KT: Aber wenn es Musikschulen oder Räume für uns Künstler gibt, die eben so schön sind, dann sollten wir das auch wertschätzen und versuchen zu erhalten. Nicht alle Wände mit irgendetwas bekleben, was von uns und unserem Unterrichtsinhalt ablenkt. Schöne Räume, die uns und unseren Schülerinnen / Schülern die Möglichkeit zum Fokussieren auf die Musik bieten. Das ist viel wert!

MM: Ich finde gerade schön, dass du das so sagt. Weil, wir haben die Philosophie bei uns, dass bei uns in den Unterrichtsräumen keine Bilder an den Wänden hängen. Wir hängen keine selbstgemalten Bildern von Schülern auf - gar nichts. Weil wir wissen: Wir haben viele ADHS-betroffene Kinder und alles was da ist, lenkt so schnell ab. Und auch auf unseren Notenausgaben, die wir im „Score & Play“ haben - darin gibt es keine Bildchen. Es gibt ja manche Klavierschulen, die schlägt man auf und die sind voll mit Bildern. Kinder die ohnehin Probleme mit der Konzentration haben, die kommen bei so etwas gar nicht mit und werden komplett abgelenkt. Die sehen alles Bunte - nur die Noten sehen sie nicht.

KT: Stimmt. Genau das ist wirklich ein Problem: Wir Erwachsenen denken nämlich, es wäre so wahnsinnig kindgerecht, wenn alles möglichst bunt ist, oder überall kleine Figürchen durch die Noten hüpfen. Aber wir schaffen dadurch natürlich auch ganz kräftige Ablenkung. Ich füge meist bei meinen Notenausgaben Bilder ein, die zum Improvisieren anregen, oder auch, die einen Lerninhalt transportieren oder vertiefen, aber ich nehme das dann auf eine komplette Seite, so dass ich dann in der Unterrichtspraxis einfach nur ein Blatt zum Abdecken brauche. So ein einfaches A4-Blatt, was ich dann auch meist direkt in die Noten hineinklebe, so dass es sich aufblättern lässt, wenn man doch die Grafiken dahinter braucht. Da gibt es ja eine ganze Reihe wirklich einfacher Möglichkeiten, wie man sich mit leicht ablenkbaren Energiebündeln schnell behelfen kann. Habe mit „Ganz schön wild“ mal ein ganzes üben & musizieren Spezial über den Unterricht mit unruhigen Schülerinnen und Schülern geschrieben. Da gibt es wirklich viel Einfaches was man nutzen kann und was Gutes bewirkt. Und gerade auch solche überbordende Wanddeko braucht echt kein Mensch.
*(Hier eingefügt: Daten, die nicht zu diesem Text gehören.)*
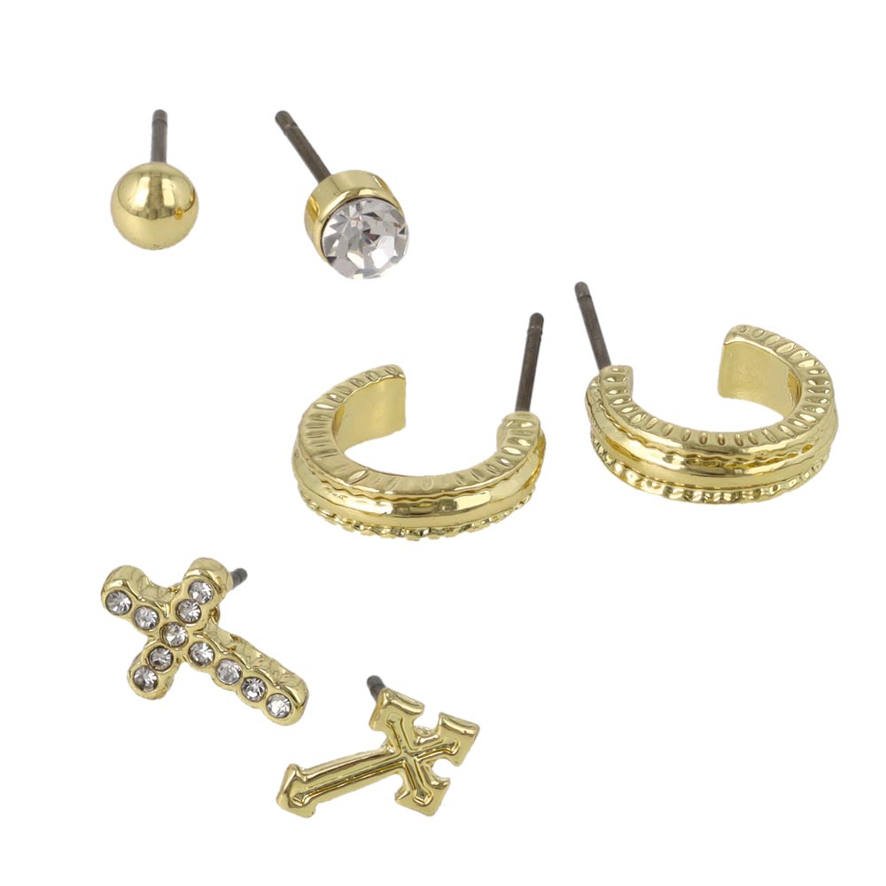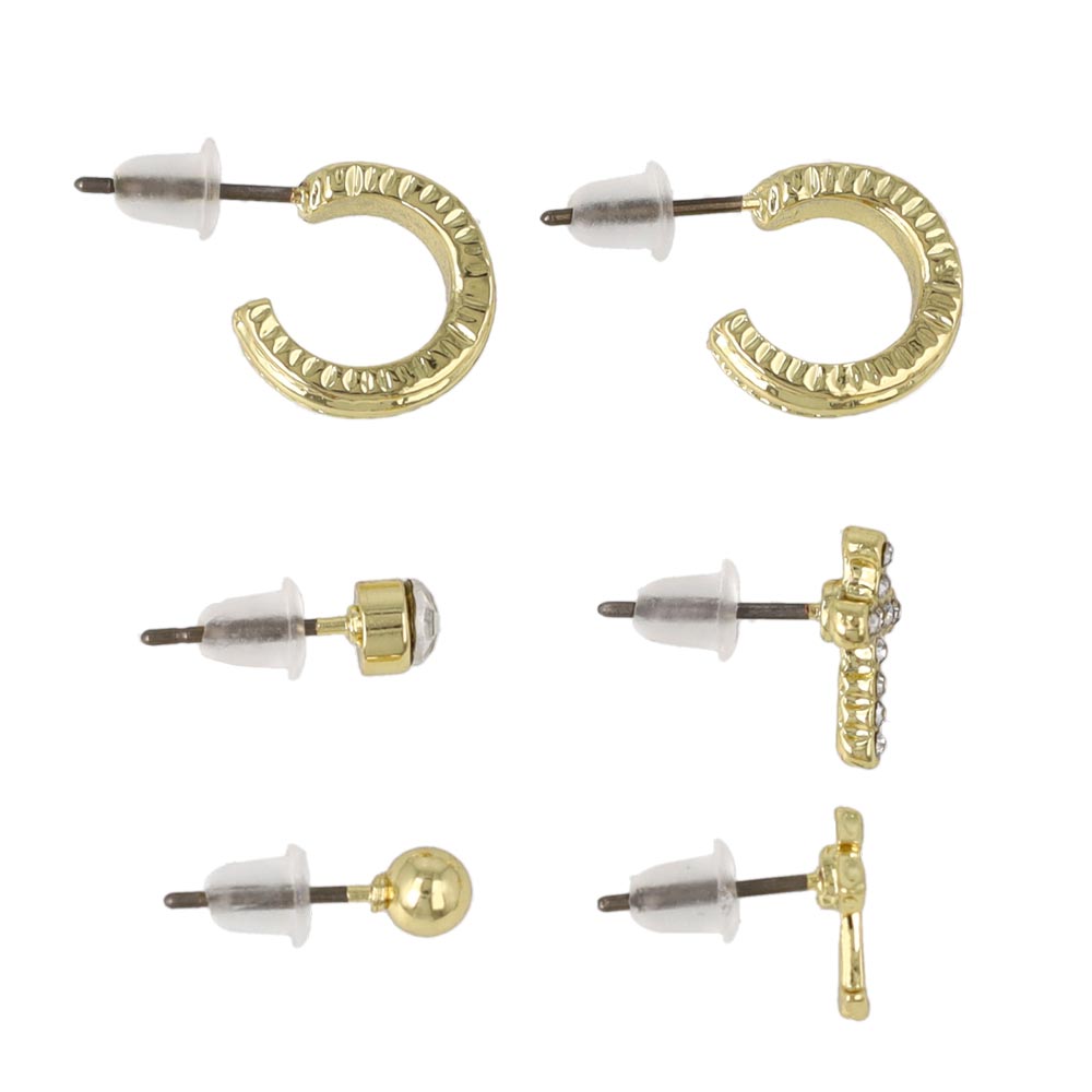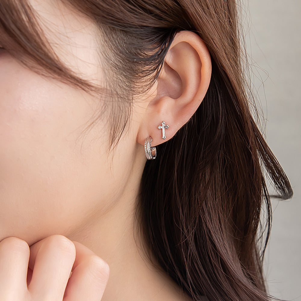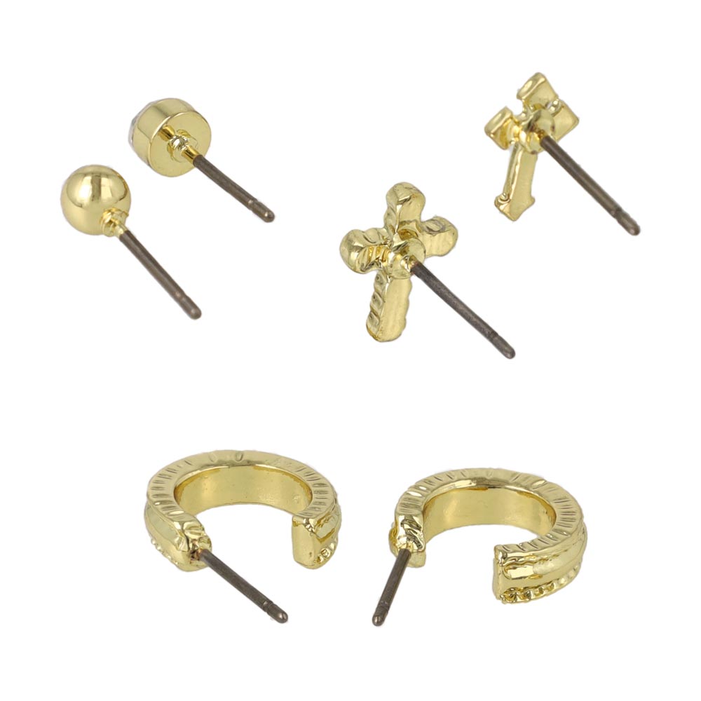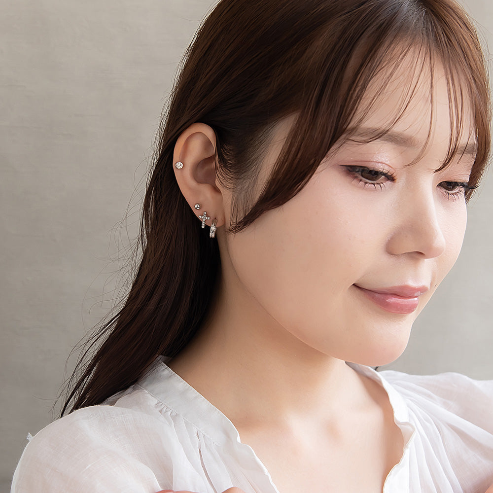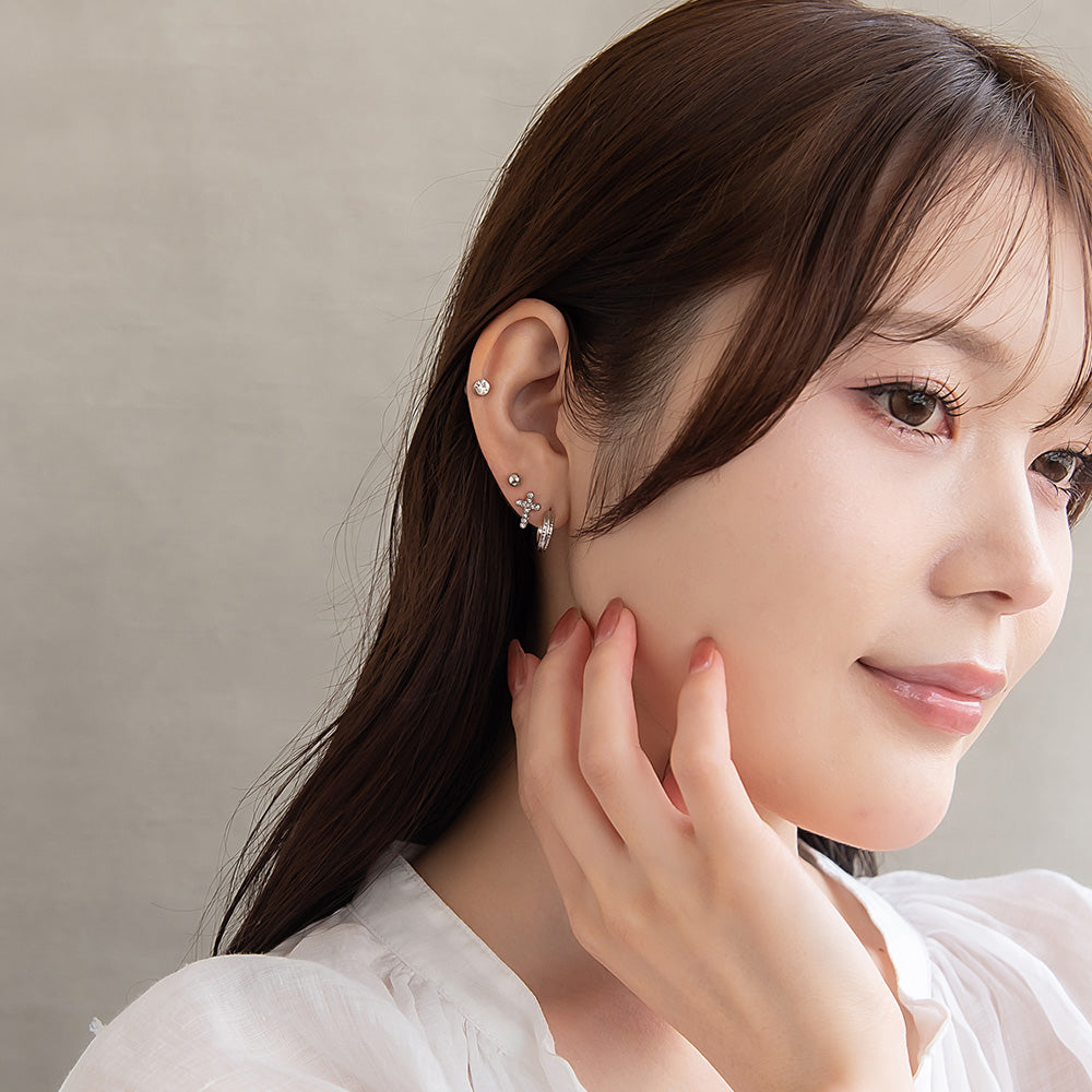 ピアス ニッケルフリー メタル C型 クロス 釈迦玉ボール 6個セット チタンポスト スタッドピアス

MM: Nein. Und das haben wir deshalb auch hier in der Schule auf ein Minimum reduziert. Klar, in unseren Aufenthaltsräumen, da hängen auch nette Bilder an der Wand, aber in den Unterrichtsräumen - die sind sehr neutral gehalten, weil wir der Meinung sind, dass das gerade bei den Kindern, die da Defizite haben, einfach ablenkt.

KT: Ganz spannend fand ich ja auch die Untersuchungen zum Thema Priming mit Bildern, die ich für mein üben & musizieren Spezial „Voll motiviert“ gelesen habe. Da gibt es ja Untersuchungen, wie sich Bilder von Menschen in Erfolgssituationen auf die Motivation der Betrachter auswirken. Da ging es in dem einen Experiment um ein Bild - ich glaube das war eine Sprinterin beim Zieleinlauf - was die Probanden betrachtet hatten und beschreiben mussten. Im Anschluss daran sollten sie irgendwelche ich glaube es waren Matheaufgaben lösen und da hat man festgestellt, dass diese Menschen ein wesentlich höheres Durchhaltevermögen hatten und Erfolgswissen, Residenz gezeigt haben, als eine Vergleichsgruppe, die dieses Bild eben nicht gesehen hatte.

KT: Und gerade mich mal dem Thema Priming aus Musikpädagogischer Sicht zu nähern, fand ich doch extrem spannend.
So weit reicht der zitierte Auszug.